[[ Given information open ]]

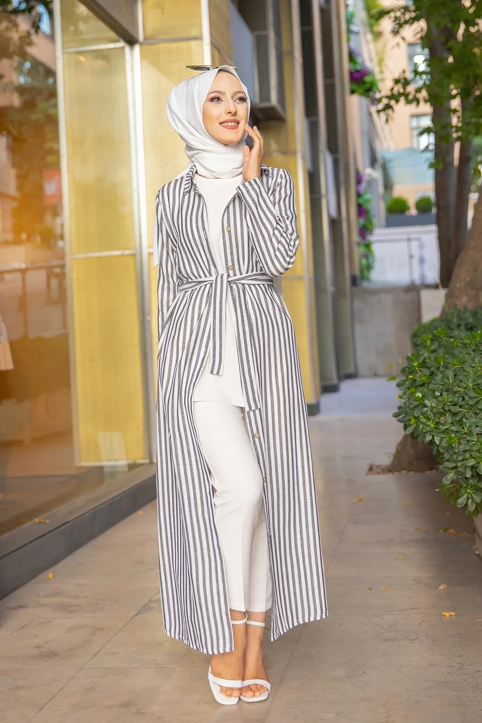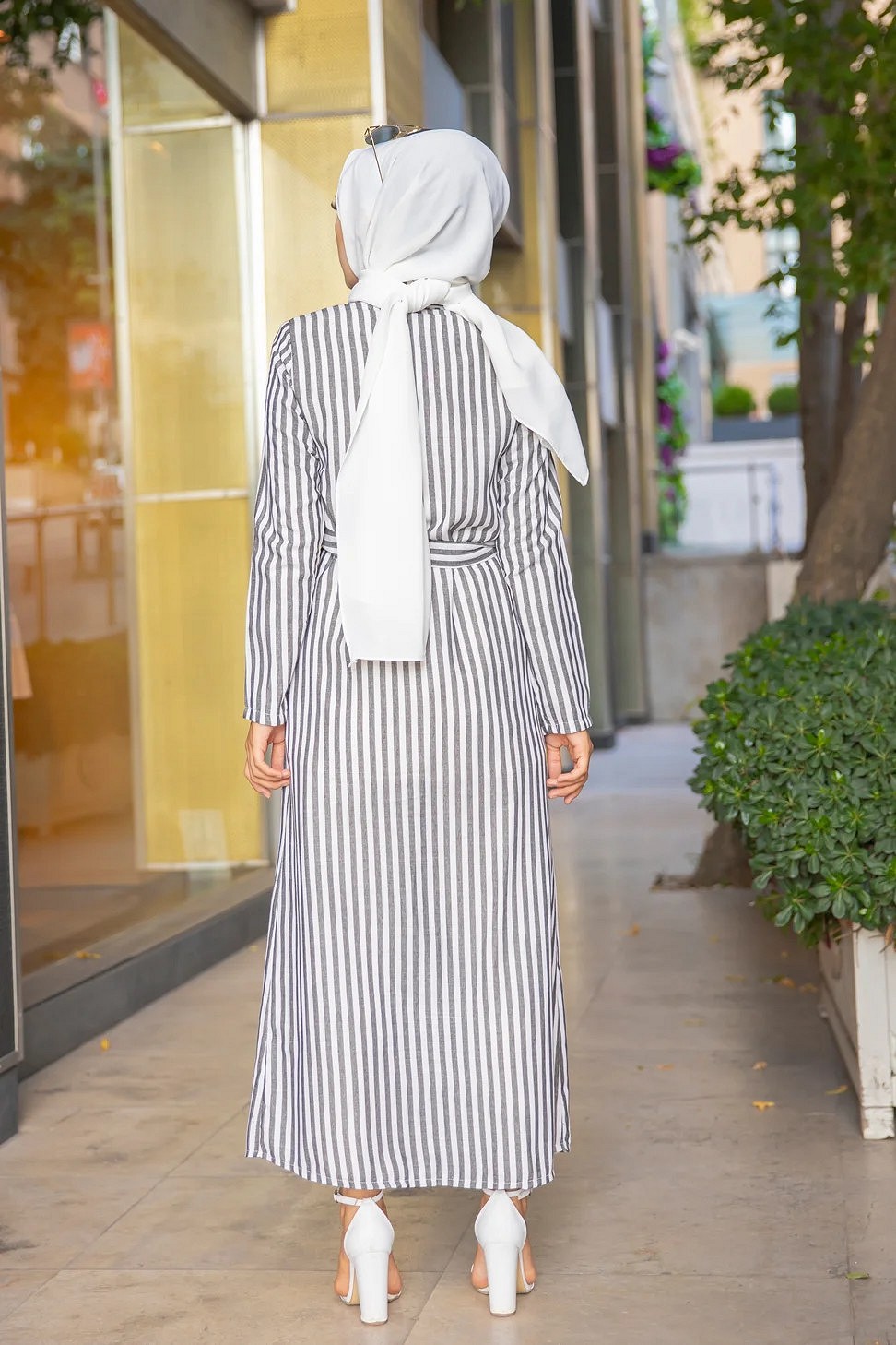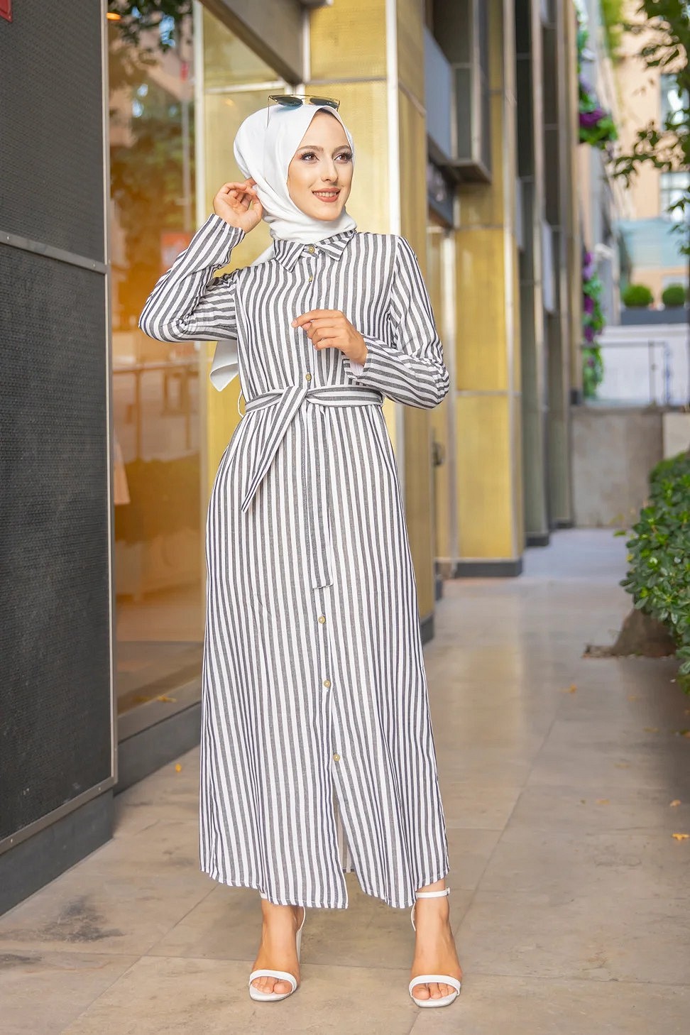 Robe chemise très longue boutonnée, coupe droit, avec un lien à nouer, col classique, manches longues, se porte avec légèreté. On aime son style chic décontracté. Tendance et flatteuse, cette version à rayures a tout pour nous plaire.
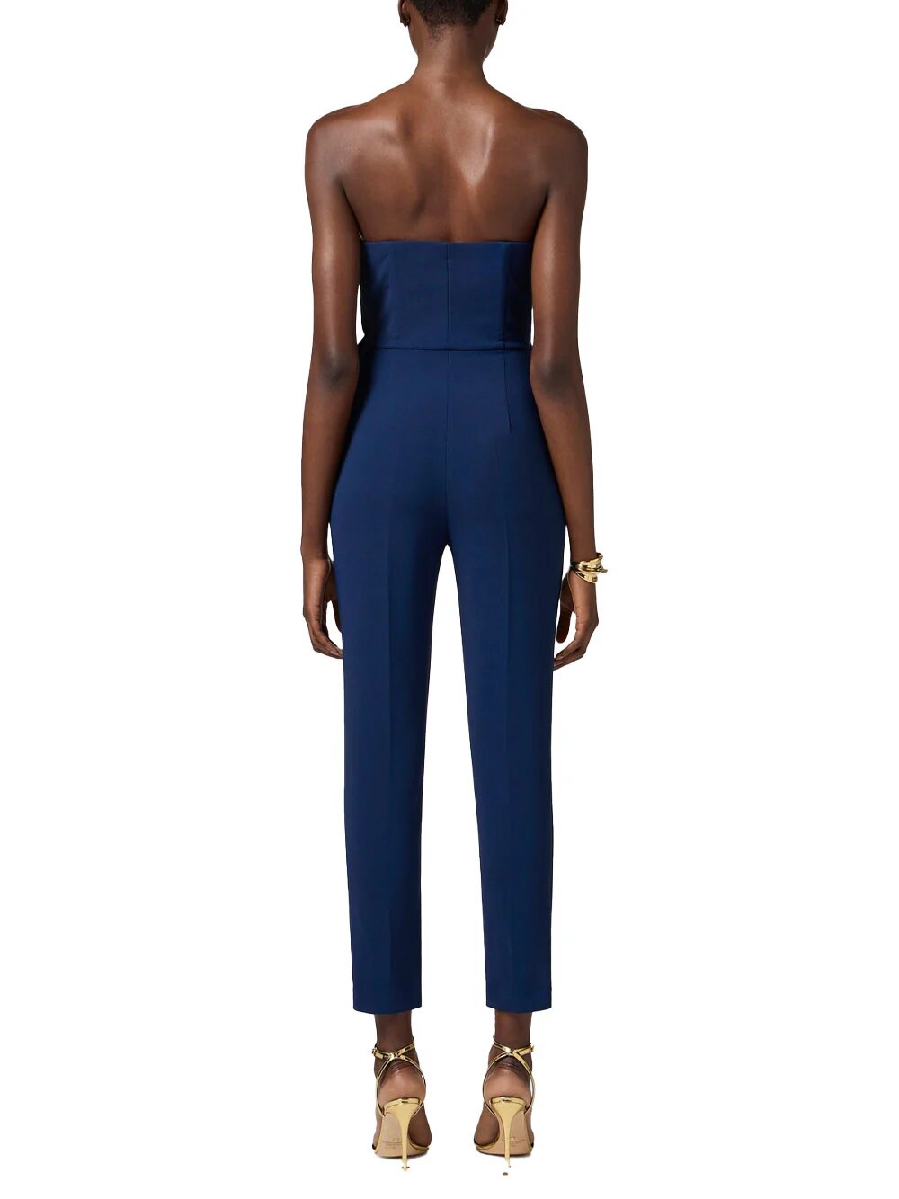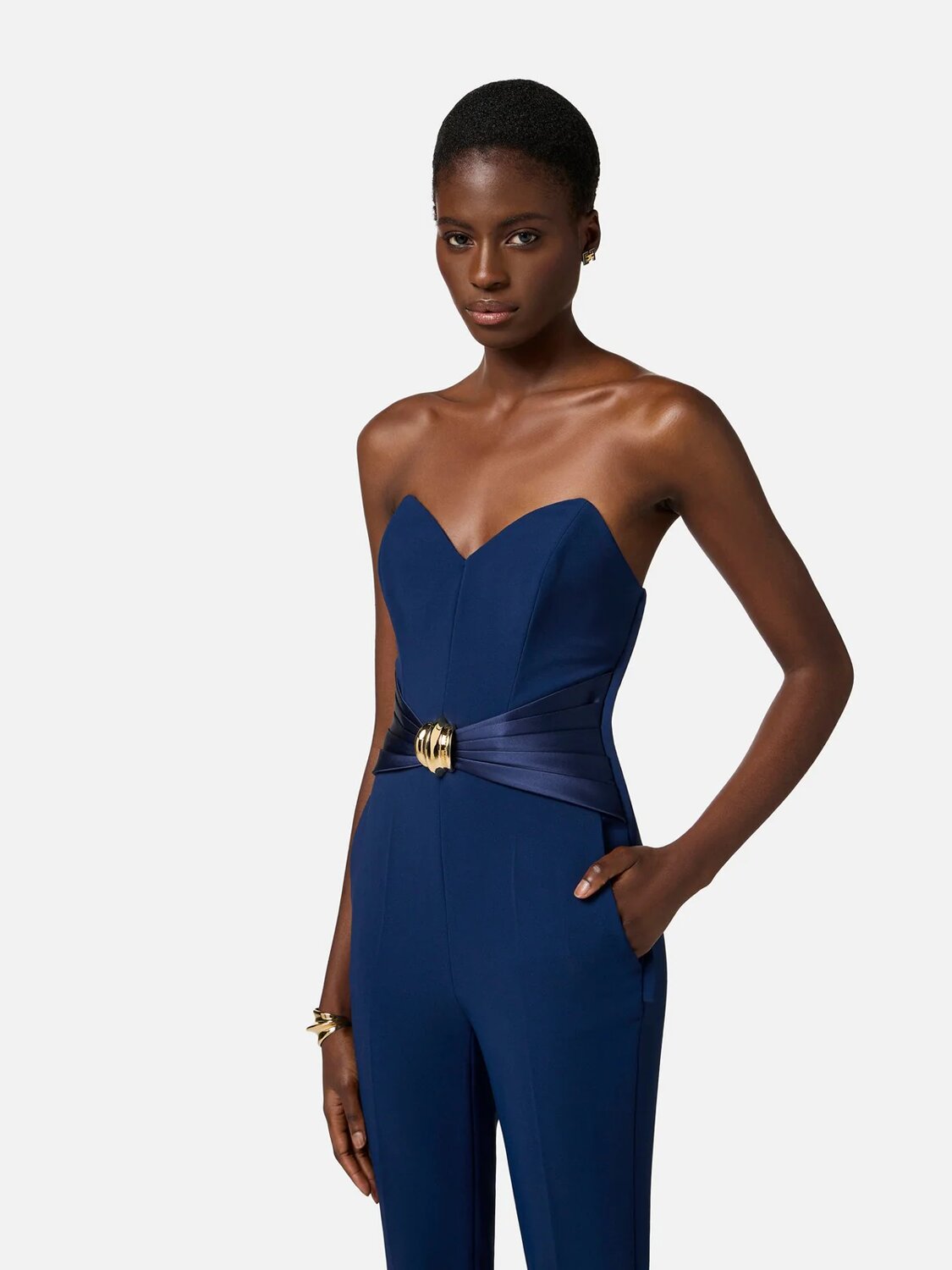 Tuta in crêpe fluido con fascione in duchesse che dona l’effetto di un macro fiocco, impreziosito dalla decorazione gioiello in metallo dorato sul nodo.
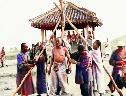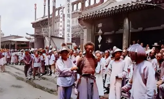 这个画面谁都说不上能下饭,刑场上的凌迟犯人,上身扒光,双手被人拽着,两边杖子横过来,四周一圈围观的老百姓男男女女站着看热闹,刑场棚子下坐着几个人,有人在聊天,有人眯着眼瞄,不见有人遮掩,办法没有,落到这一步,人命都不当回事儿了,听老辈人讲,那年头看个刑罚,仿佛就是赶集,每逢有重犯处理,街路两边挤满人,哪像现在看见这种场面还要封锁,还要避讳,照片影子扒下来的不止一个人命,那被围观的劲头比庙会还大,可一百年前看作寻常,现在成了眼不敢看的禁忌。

[[ Given information closed ]]

▸ Exercise aim: Produce the full material again verbatim, with the pictures dropped.

▸ Problem solution:
 Robe chemise très longue boutonnée, coupe droit, avec un lien à nouer, col classique, manches longues, se porte avec légèreté. On aime son style chic décontracté. Tendance et flatteuse, cette version à rayures a tout pour nous plaire.
 Tuta in crêpe fluido con fascione in duchesse che dona l’effetto di un macro fiocco, impreziosito dalla decorazione gioiello in metallo dorato sul nodo.
 这个画面谁都说不上能下饭,刑场上的凌迟犯人,上身扒光,双手被人拽着,两边杖子横过来,四周一圈围观的老百姓男男女女站着看热闹,刑场棚子下坐着几个人,有人在聊天,有人眯着眼瞄,不见有人遮掩,办法没有,落到这一步,人命都不当回事儿了,听老辈人讲,那年头看个刑罚,仿佛就是赶集,每逢有重犯处理,街路两边挤满人,哪像现在看见这种场面还要封锁,还要避讳,照片影子扒下来的不止一个人命,那被围观的劲头比庙会还大,可一百年前看作寻常,现在成了眼不敢看的禁忌。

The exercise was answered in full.